ASSIGNED TASK
Exclude the pictures and reproduce the remaining data exactly as written.

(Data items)
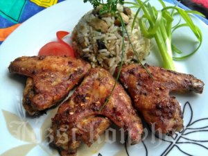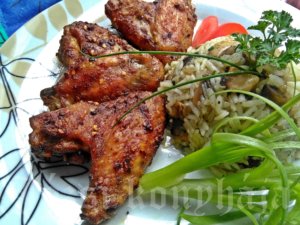 A húst felgöngyöljük, majd szorosan alufóliába csavarjuk. A tekercseket tepsibe vagy grillrácsra helyezzük, és közepes lángon /légkeveréses sütőben 170-180 fok, 45-50 perc alatt /megsütjük.
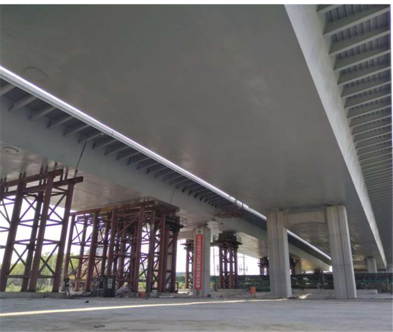安徽交建興業(yè)大道項目位于合肥經濟開發(fā)區(qū)北區(qū)(高劉鎮(zhèn))以及蜀山區(qū)小廟鎮(zhèn)范圍內,南起長江西路,北至合肥市空港示范區(qū)內光福路,全長約13.27公里,設計時速60km/h。定位為交通性干路,等級為城市主干道,也是新橋機場應急通道之一。其中安徽交建承建的二標段位于經開區(qū)高劉鎮(zhèn),道路全長約2.9公里,包含跨G40合六葉高速橋,主橋與合六葉高速公路相交,采用橋梁形式跨越高速公路,斜橋正做,主橋采用等截面連續(xù)鋼箱梁,興業(yè)大道上跨合六葉橋梁全長約445米。
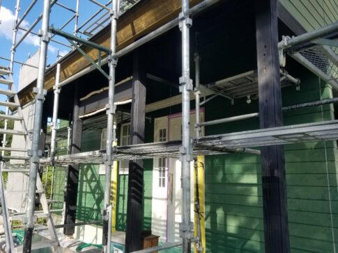 - キレイに塗れているのか、足場の下から見たのではいまいちわからない。
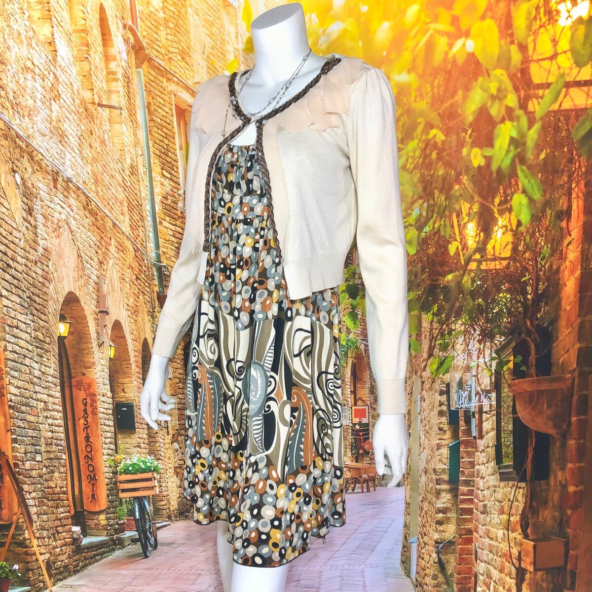 - FIFILLES ブラウンデザインワンピース XS-S ベージュボレロカーディガンM
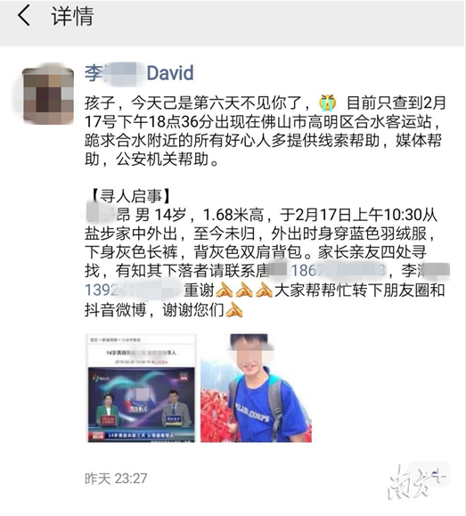 佛山南海14岁男孩小昂的失联牵动社会各界的心。
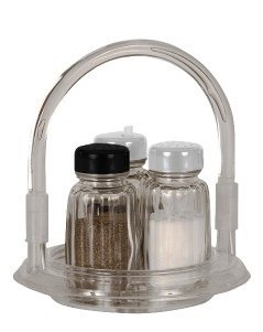 Zestaw pojemników na przyprawy to zdecydowanie obowiązkowa pozycja we wszystkich barach, restauracjach jak również domowych jadalniach. Trzy szklane pojemniki wyposażone w plastikową, szczelną, odkręcaną pokrywkę, dzięki której istnieje możliwość ponownego uzupełnienia zawartości a czyszczenie jest zdecydowanie łatwiejsze. Zakrętka posiada małe otworki na powierzchni zabezpieczające przed przesypaniem przypraw. Zestaw zawiera zarówno pojemniki na przyprawy sypkie, jak również na przyprawy płynne. Całość umieszczona została na podstawce wraz z uchwytem ułatwiającym przenoszenie.
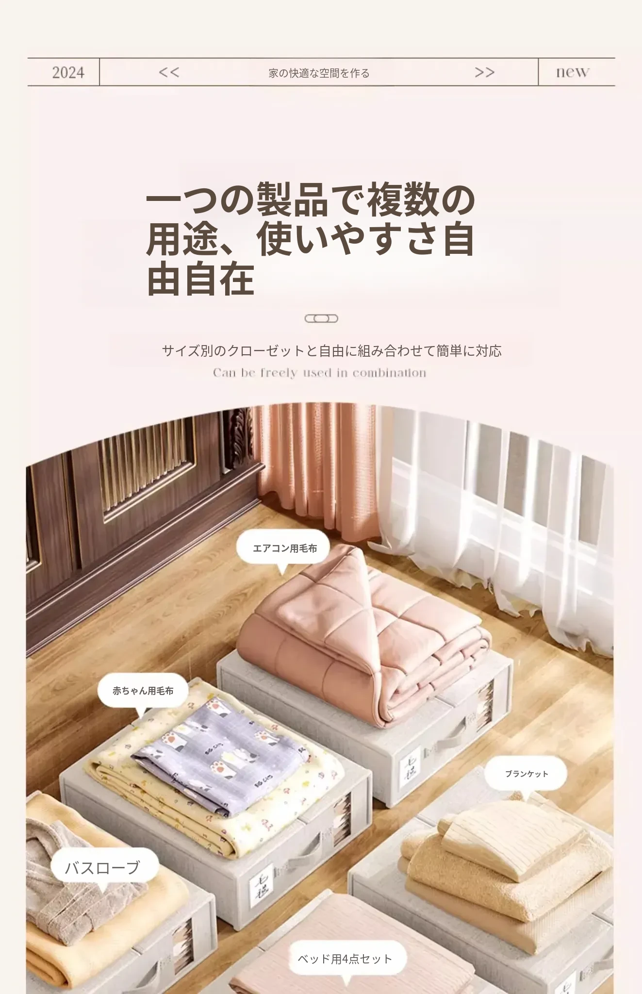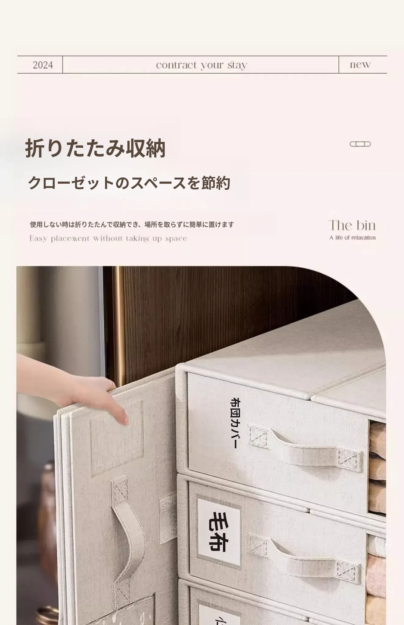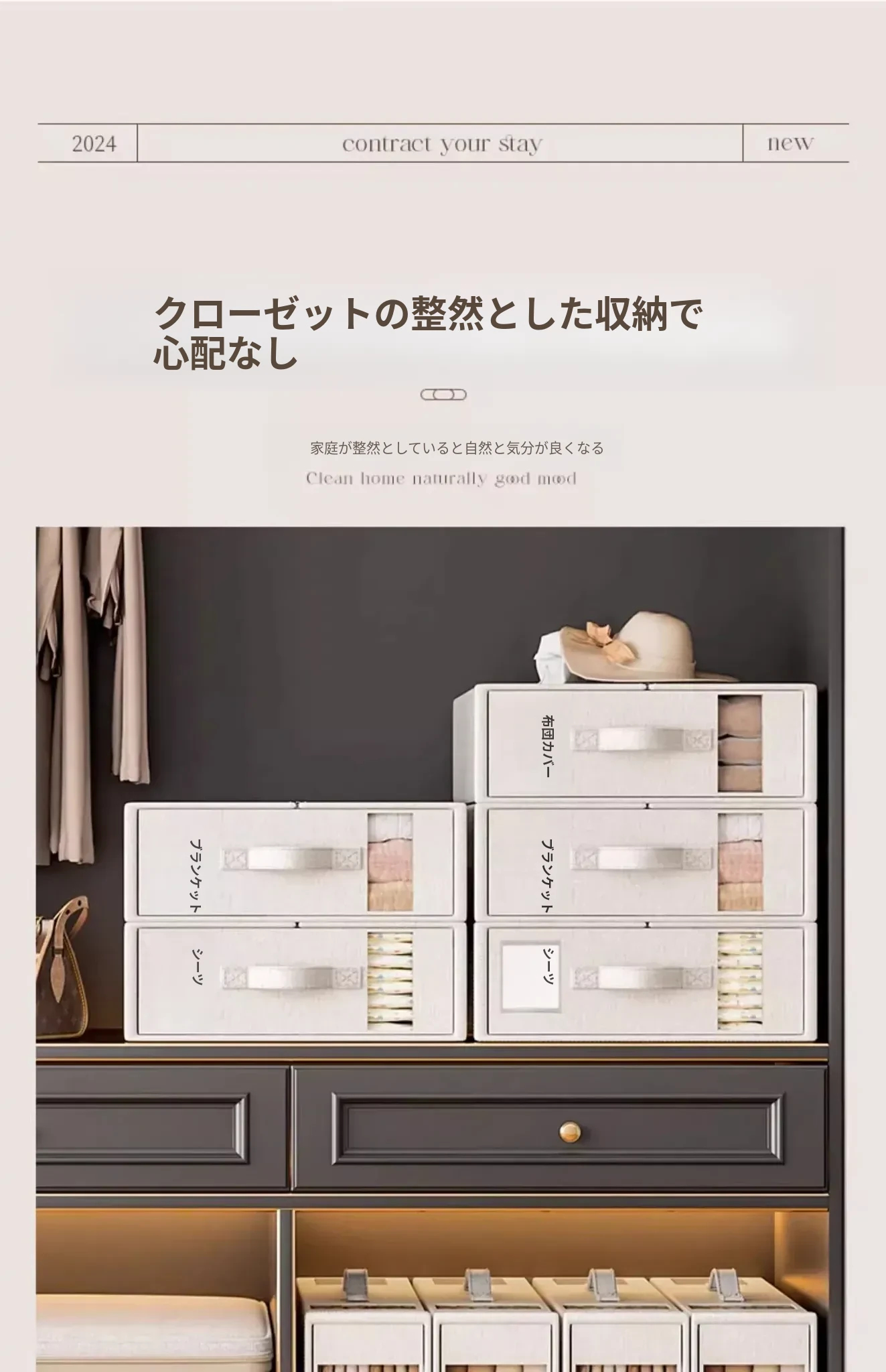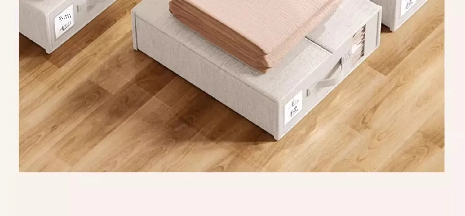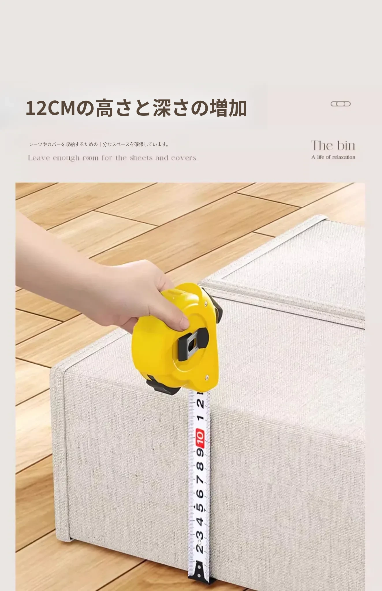 収納ボックス付き!ベッドシーツ・カバー4点セット - コットンリネン素材の毛布やシーツをすっきり整理。クローゼットや衣類収納に最適なアイテムです。生活をもっと快適に!
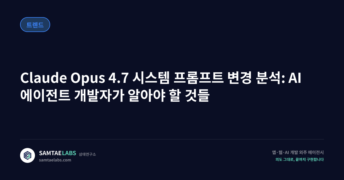 Claude Opus 4.7(2026년 4월 16일 출시)의 시스템 프롬프트 변경은 단순한 문구 수정이 아니다. Anthropic이 AI 에이전트를 어떤 방향으로 설계하려는지, 그 철학적 전환이 텍스트로 드러난 결과물이다. Simon Willison이 Opus 4.6(2026년 2월 5일)과 4.7의 시스템 프롬프트를 Git diff 방식으로 비교 분석해 공개했고, 이 내용은 AI 에이전트 개발 실무에 직접적인 시사점을 던진다.
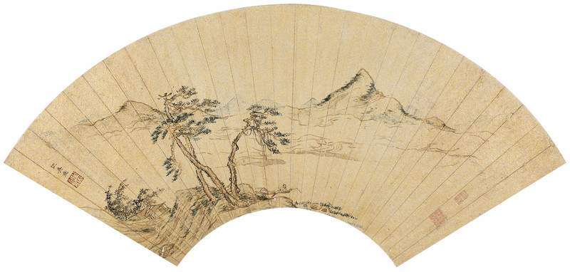 文震亨的曾祖父文征明是明中期著名的“吴门四家”之一,他创作的不少扇面,至今仍保存于北京故宫,如《兰石》、《红杏湖石图》、《红蓼蜻蜓图》等。文震亨所提到的“折叠扇”通称“折扇”。明代教育家刘元卿《贤奕传编》:“折叠扇一名‘撒扇’,盖收则折叠,用者撒开,以扇骨聚其头而散其尾,故又称‘聚头扇’。”对于这种折扇,一说宋人发明,一说日本传入,还有朝鲜传入说,只是至今未有定论。而折扇扇面则在明末开始流行,清代风行,成为时代潮流。
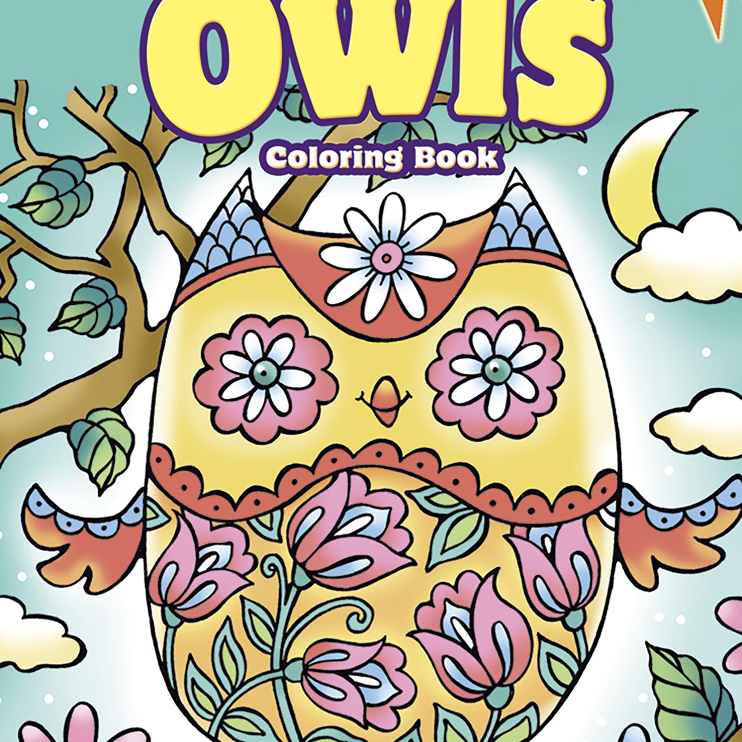 • Here is a coloring book that creative kids will give a hoot about! Thirty whimsical illustrations of owls find the beautiful birds perched on branches, surrounded by flowers, silhouetted against cloudy skies, and nestled into other detailed settings

SOLUTION TO THE EXERCISE
 A húst felgöngyöljük, majd szorosan alufóliába csavarjuk. A tekercseket tepsibe vagy grillrácsra helyezzük, és közepes lángon /légkeveréses sütőben 170-180 fok, 45-50 perc alatt /megsütjük.
安徽交建興業(yè)大道項目位于合肥經濟開發(fā)區(qū)北區(qū)(高劉鎮(zhèn))以及蜀山區(qū)小廟鎮(zhèn)范圍內,南起長江西路,北至合肥市空港示范區(qū)內光福路,全長約13.27公里,設計時速60km/h。定位為交通性干路,等級為城市主干道,也是新橋機場應急通道之一。其中安徽交建承建的二標段位于經開區(qū)高劉鎮(zhèn),道路全長約2.9公里,包含跨G40合六葉高速橋,主橋與合六葉高速公路相交,采用橋梁形式跨越高速公路,斜橋正做,主橋采用等截面連續(xù)鋼箱梁,興業(yè)大道上跨合六葉橋梁全長約445米。
 - キレイに塗れているのか、足場の下から見たのではいまいちわからない。
 - FIFILLES ブラウンデザインワンピース XS-S ベージュボレロカーディガンM
 佛山南海14岁男孩小昂的失联牵动社会各界的心。
 Zestaw pojemników na przyprawy to zdecydowanie obowiązkowa pozycja we wszystkich barach, restauracjach jak również domowych jadalniach. Trzy szklane pojemniki wyposażone w plastikową, szczelną, odkręcaną pokrywkę, dzięki której istnieje możliwość ponownego uzupełnienia zawartości a czyszczenie jest zdecydowanie łatwiejsze. Zakrętka posiada małe otworki na powierzchni zabezpieczające przed przesypaniem przypraw. Zestaw zawiera zarówno pojemniki na przyprawy sypkie, jak również na przyprawy płynne. Całość umieszczona została na podstawce wraz z uchwytem ułatwiającym przenoszenie.
 収納ボックス付き!ベッドシーツ・カバー4点セット - コットンリネン素材の毛布やシーツをすっきり整理。クローゼットや衣類収納に最適なアイテムです。生活をもっと快適に!
 Claude Opus 4.7(2026년 4월 16일 출시)의 시스템 프롬프트 변경은 단순한 문구 수정이 아니다. Anthropic이 AI 에이전트를 어떤 방향으로 설계하려는지, 그 철학적 전환이 텍스트로 드러난 결과물이다. Simon Willison이 Opus 4.6(2026년 2월 5일)과 4.7의 시스템 프롬프트를 Git diff 방식으로 비교 분석해 공개했고, 이 내용은 AI 에이전트 개발 실무에 직접적인 시사점을 던진다.
 文震亨的曾祖父文征明是明中期著名的“吴门四家”之一,他创作的不少扇面,至今仍保存于北京故宫,如《兰石》、《红杏湖石图》、《红蓼蜻蜓图》等。文震亨所提到的“折叠扇”通称“折扇”。明代教育家刘元卿《贤奕传编》:“折叠扇一名‘撒扇’,盖收则折叠,用者撒开,以扇骨聚其头而散其尾,故又称‘聚头扇’。”对于这种折扇,一说宋人发明,一说日本传入,还有朝鲜传入说,只是至今未有定论。而折扇扇面则在明末开始流行,清代风行,成为时代潮流。
 • Here is a coloring book that creative kids will give a hoot about! Thirty whimsical illustrations of owls find the beautiful birds perched on branches, surrounded by flowers, silhouetted against cloudy skies, and nestled into other detailed settings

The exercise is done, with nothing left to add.